I used a wooden jack plane & a wooden jointer on some boards and a Record #5 & #7 on others. Generally I preferred the woodies for the rough prep work and the metal planes when I was trying to be more accurate.
Richard Maguire has a short video on which plane he would use if he had to choose a single plane. His conclusion is that a no 5 used with two irons (one cambered more than the other) would be ideal. Having experimented with cambered vs straight irons it is hard to overstate how much energy/time a cambered iron saves when doing the rough prep stages.
Nice to have
Paul Seller’s shows what can be done with a humble no 4 if you know what you are doing but as a learner I found longer planes really did help when flattening the boards:
#7 metal plane/wooden jointer: If I were doing another bench and had to start my tool collection again I would still get a cheap 22′ wooden jointer even if I only used it for this job – they are still common and can be bought for very little money. Having said that, of all my planes my Record #7 is the one I enjoyed using the most (they really don’t make ’em like that any more!).

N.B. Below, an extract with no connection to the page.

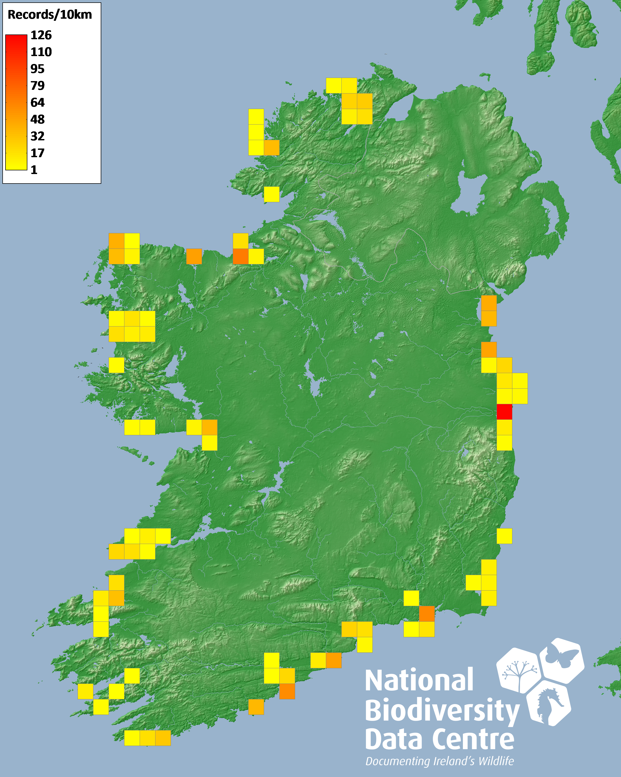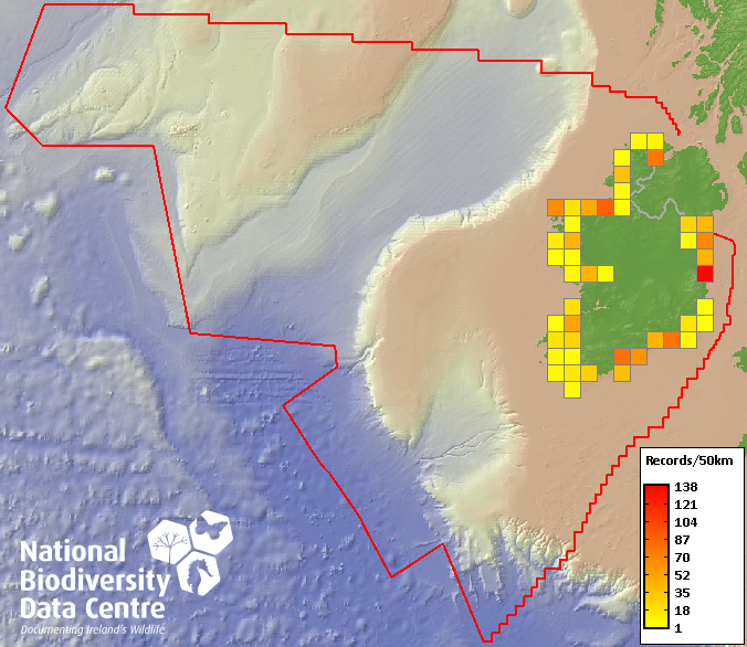 Distribution of the number of records recorded within each 10km grid square (ITM).Marine Map - 50km

A couple of other planes are useful but not essential:
- A block plane (a Veritas low angle block plane as it happened, but much cheaper second hand options are available). I suppose this was something of a luxury plane for the job at hand, but there were a few times where it was convenient to use the plane one-handed (for instance where the part is already installed on the bench and awkward to get to) and the block plane is ideal for this. A no 4 would have done the same at a stretch but would be unwieldy in comparison.
- Record shoulder plane – completely frivolous (good at cleaning up shoulders though!)

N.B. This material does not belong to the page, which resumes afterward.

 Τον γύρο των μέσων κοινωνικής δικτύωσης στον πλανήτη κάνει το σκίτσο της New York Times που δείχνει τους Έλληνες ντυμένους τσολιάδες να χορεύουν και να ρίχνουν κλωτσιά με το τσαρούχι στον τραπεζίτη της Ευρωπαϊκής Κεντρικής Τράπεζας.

Must-have: any old panel or hand saw (R Magurie makes do with a bog standard B&Q hardpoint for his whole bench). I used my Spearior 88 panel saw for most of mine.
Nice to have: I was glad to have a decent rip saw (Disston) when I had to reduce the width of the top boards, but you can easily avoid the need by adjusting your design to use full width boards. I used my 14’’ carcass saw (Drabble and Sanderson) for most to the cross cuts – it has 10 TPI so cuts reasonably quickly and I found the stiff blade and extra weight made it easier to saw straight.

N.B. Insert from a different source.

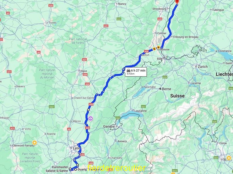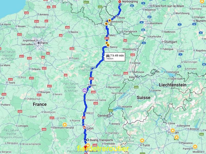 Il est quasi 17h quand c'est fait, et je ne me sens pas la moelle d'affronter l'A7 et encore moins l'A46. Donc, d'ici, je me suis mis en mode tourisme et j'ai rejoint ma route préférée par Cours et Buis, on est bien tranquille pas là d'autant que je suis chargé mais pas trop. Je récupère l'autoroute à Ambérieu et comme je commençais à avoir les crocs je me suis arrêté à Bourg en même temps qu'il s'est mis à pleuvoir. Le parking était quasi vide, j'étais bien. J'en étais au yaourt quand un porte voiture Lituanien vient se coller à moi. Le type m'interpelle : "Frigo?" En traduction bachiste ou Porte voituriste, ça veut dire "es ce que le bruit du frigo va nous casser les couilles toute la nuit ?" Là, je me suis dit, lui, il est vraiment très con, plus que la moyenne, il y a de la place partout, je l'ai envoyé carrément chier. Alors, il a reculé en se faisant bien caguer, mon frigo était pas en route bien sûr, en carburant… J'ai fini mon yaourt et je me suis tiré.

One observation about my saws is that despite the fairly pedestrian design of the Disston and Spearior handles they are very comfortable to use. Compare my carcass saw, which has a nice hand-made handle but was not nearly as nice to use. The reason is that – as is common with old saws – part of the top horn (the bit that fits over the web of your hand betwixt thumb and finger) has broken off at some point in the past. I have fixed the broken horns on couple of other saws and it is surprising how much difference this tiny bit of wood makes when using the saw (I probably should fix this one too!)
Squares and hammers
Everyone seems to agree it is worth splashing out on decent combination square. Mine is a second hand Starrett. Incidentally, when I built my workshop I used a cheapo Bacho square for the whole thing – these can’t be relied upon to be square but can easily be made so by carefully filling the brass fitting that holds the blade in place. However I found that it only took the slightest knock to make it go out of square again – I guess that is why it is worth getting a decent one.
Hammers – everyone should own at least one Plumb hammer (ideally several!) and a Thor mallet. The internet seems to be reaching a consensus that Thor hammers are the bees knees for hitting chisels and bits of wood with (its true – try it!).
Chisels and drills
I mainly used a 1” Marples bevel edge firmer and could have used it for the whole bench, bar one (optional) part when I created a blind mortice for the rear vice jaw which required a 1/2 ” chisel. I did use my Ward & Payne Aristocrat chisels for refining some of the joints, but I had no reason to do other than justifying my posh chisels.
You will find a brace and 3/4” auger bit is perfect for your holdfast holes. A millers falls no 2 drill is cool but entirely optional! Oh, and a nail punch and marking gauge.
The good news for fellow learners is you need hardly any!
You can practice the basic skills needed as you go, just so long as you are prepared to make a few mistakes and accept you will have to work rather slowly.
Although this was not my first woodwork project (I made a saw horse first), I’d still say a workbench is a good starter project because it can be done with relatively cheap materials and the scale you are working at means you can get away with some inaccuracy without the end product falling to bits or looking awful.
Having said that, there is one pre-requisite skill: sharpening – you need to be able to keep your chisels and planes sharp. Although it is relatively easy to learn how to do this, you may find you need a fair amount of practice to get the knack (I certainly did) and this is not something I’d recommend trying to learn on the job. It would be incredibly frustrating to try and do even the basic techniques needed for the bench using blunt tools, so do a bit of practice sharpening first.
There is a lot of bewildering – and sometimes contradictory – advice on sharpening. My advice, for what it is worth, is just to watch what Paul Sellers has to say on it and do that, or if you are feeling flush spend a few pounds on Richard Maguire’s brilliant video series on the same, it is by far the most comprehensive and clear account I have come across. Try and avoid trawling the internet for advice or your head may explode. You have been warned!
Talking of Richard Maguire – the few quid I spent on his workbench and sharpening video are easily the best woodworking investment I have made to date. He and his other half, Helen, clearly put in a huge amount of effort into their videos and it shows – they are beautifully filmed and produced and very easy to follow.
Maguire is a natural teacher and has an entertaining and very watchable style. The videos are carefully thought out and there are a lot of really helpful close ups showing how he goes about each technique and he frequently shows more than one approach to accomplishing a task so you can experiment too. Highly recommended (I have no affiliation with their business, btw!)
that’s it from me on the topic of workbenches. Good luck to those of you about to embark on your own benches, I am sure you will enjoy it and learn a lot.